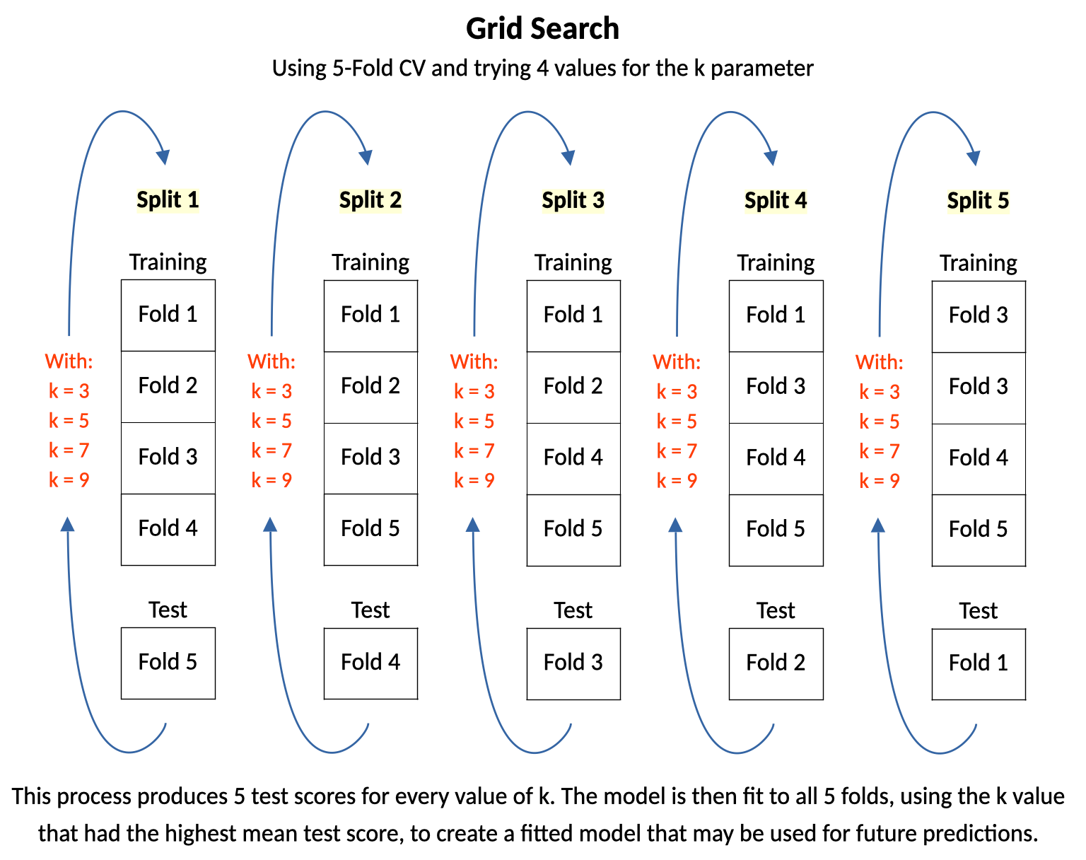 K-fold cross validation is the default form of cross validation used by scikit-learn’s cross_validate() function (used to estimate generalization performance) and GridSearchCV() function (used for model tuning with grid search, which we will see in a later section of this chapter). Those functions use K-fold cross validation when the target is numeric and stratified K-fold cross validation when the target is categorical. The term stratified means that when the data is divided into folds the function attempts to keep the ratio of values of the target class the same in each fold. For example, if we are building a model to predict whether a cell is cancerous or not and 45% of the rows overall are cancerous, the splitting procedure for stratified K-fold cross validation attempts to split the data so that the percentage of cancerous rows in each fold is as close to 45% as possible.
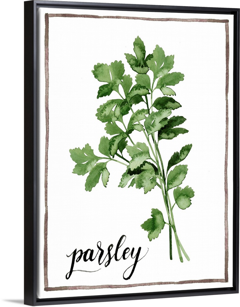 <p>Watercolor painting of parsley leaves on a white background with a brown boarder and the word "parsley" written in black script at the bottom.</p>
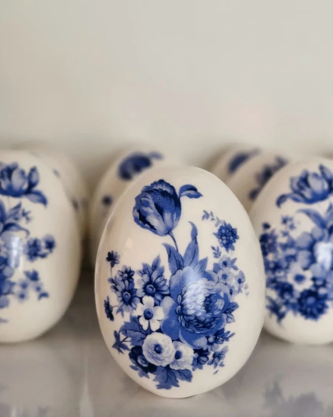 تخممرغ با طرح گلهای لاجوردی و به روش ترنسفر لعابی ساخته و لعابکاری شدهاند.
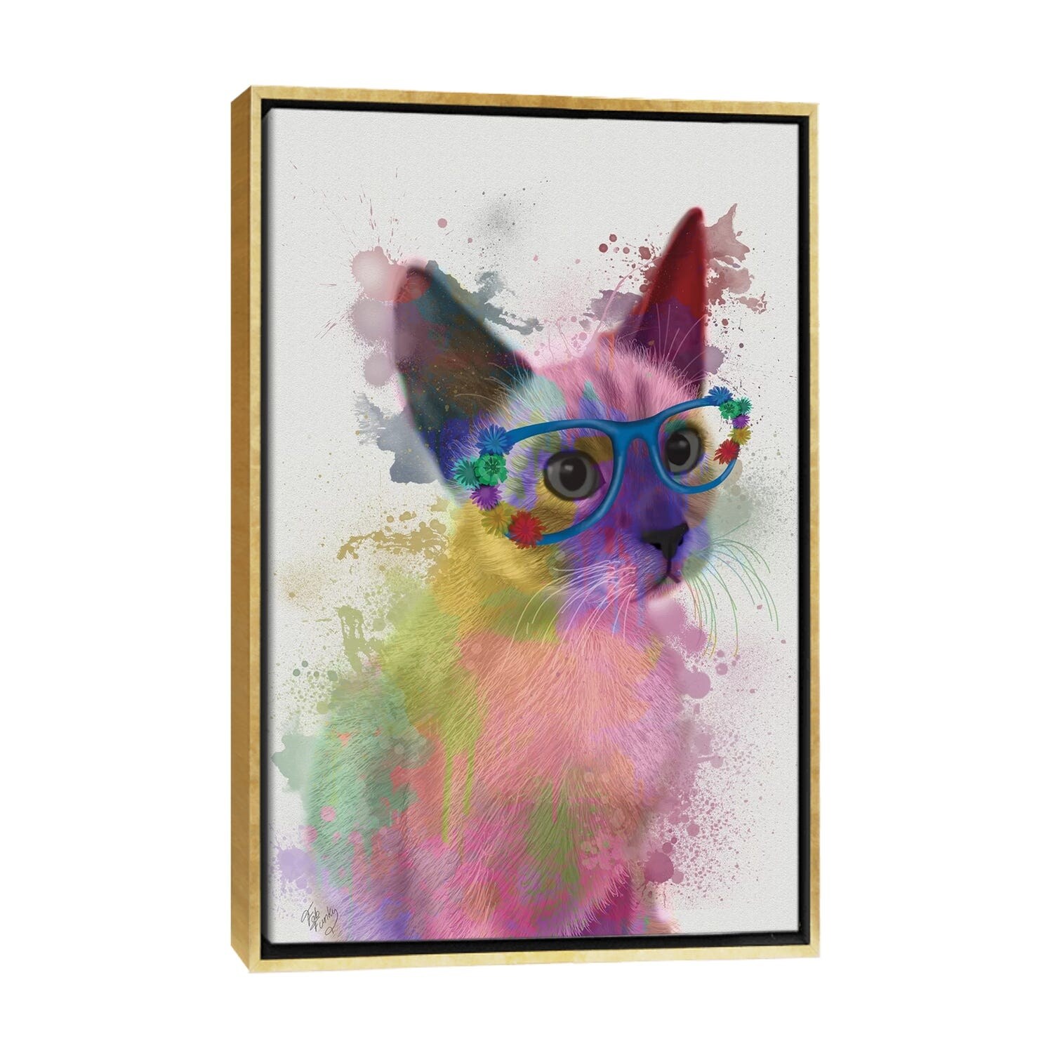iCanvas "Rainbow Splash Cat II" by Fab Funky Framed Canvas Print
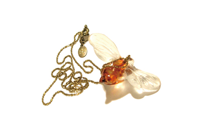 ミツバチのペンダント。真鍮のチェーンが美しく、古いお洋服に馴染みます。
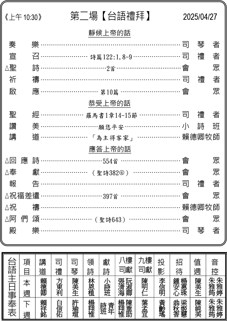 - 本主日(4/27)歡迎賴德卿牧師蒞臨,於兩堂禮拜講道並分享客宣中會事工,請兄姊為客宣中會關懷奉獻。※賴德卿牧師現任客家宣教中會總幹事。☆
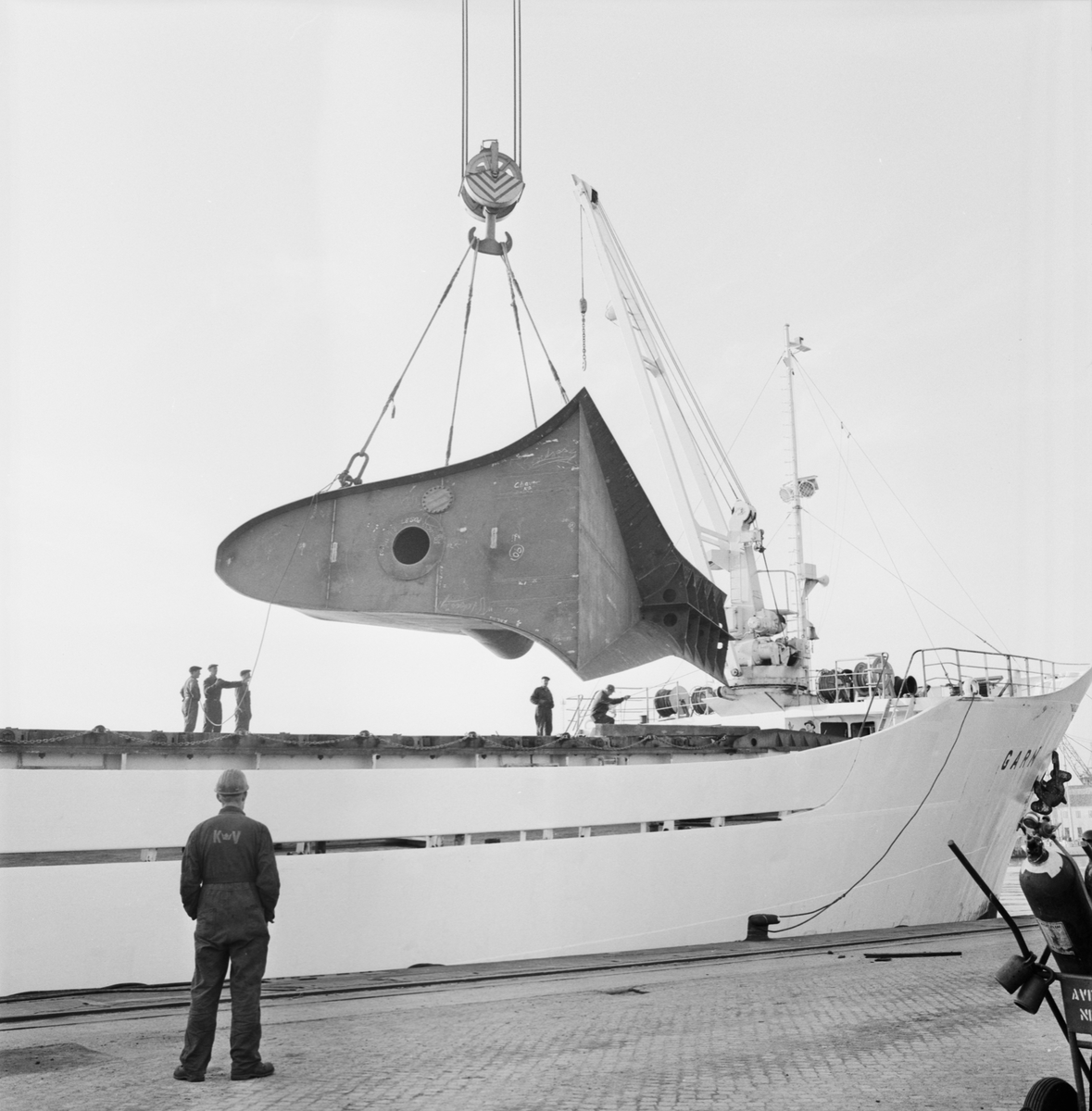 Lyft av akterstäv från verkstadskaj M/s Garm
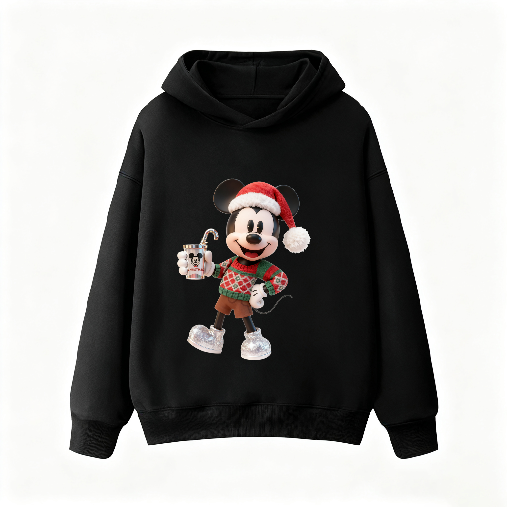Be the star of Christmas fashion! This Christmas Mickey Mouse Hoodie is all about festive vibes🎄~ Mickey’s dressed in a Santa hat, a red-green argyle sweater, and holding a Christmas cup—super cute and eye-catching, making you the center of attention this holiday season. Made with thick, skin-friendly premium fabric, it’s cozy and durable for fall and winter. The classic hoodie design is versatile, plus it has a practical pocket for small items. Whether you’re at a Christmas party or just hanging out, this hoodie lets you create a cute and warm look. A must-have for Mickey fans and Christmas lovers!
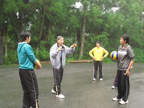 上圖為林教練正在指導選手們正確的托球姿勢。

* * *

_ACTION ITEM_
Could you retype the whole listing word for word, minus its pictures?

_TASK ANSWER_
 K-fold cross validation is the default form of cross validation used by scikit-learn’s cross_validate() function (used to estimate generalization performance) and GridSearchCV() function (used for model tuning with grid search, which we will see in a later section of this chapter). Those functions use K-fold cross validation when the target is numeric and stratified K-fold cross validation when the target is categorical. The term stratified means that when the data is divided into folds the function attempts to keep the ratio of values of the target class the same in each fold. For example, if we are building a model to predict whether a cell is cancerous or not and 45% of the rows overall are cancerous, the splitting procedure for stratified K-fold cross validation attempts to split the data so that the percentage of cancerous rows in each fold is as close to 45% as possible.
 <p>Watercolor painting of parsley leaves on a white background with a brown boarder and the word "parsley" written in black script at the bottom.</p>
 تخممرغ با طرح گلهای لاجوردی و به روش ترنسفر لعابی ساخته و لعابکاری شدهاند.
iCanvas "Rainbow Splash Cat II" by Fab Funky Framed Canvas Print
 ミツバチのペンダント。真鍮のチェーンが美しく、古いお洋服に馴染みます。
 - 本主日(4/27)歡迎賴德卿牧師蒞臨,於兩堂禮拜講道並分享客宣中會事工,請兄姊為客宣中會關懷奉獻。※賴德卿牧師現任客家宣教中會總幹事。☆
 Lyft av akterstäv från verkstadskaj M/s Garm
Be the star of Christmas fashion! This Christmas Mickey Mouse Hoodie is all about festive vibes🎄~ Mickey’s dressed in a Santa hat, a red-green argyle sweater, and holding a Christmas cup—super cute and eye-catching, making you the center of attention this holiday season. Made with thick, skin-friendly premium fabric, it’s cozy and durable for fall and winter. The classic hoodie design is versatile, plus it has a practical pocket for small items. Whether you’re at a Christmas party or just hanging out, this hoodie lets you create a cute and warm look. A must-have for Mickey fans and Christmas lovers!
 上圖為林教練正在指導選手們正確的托球姿勢。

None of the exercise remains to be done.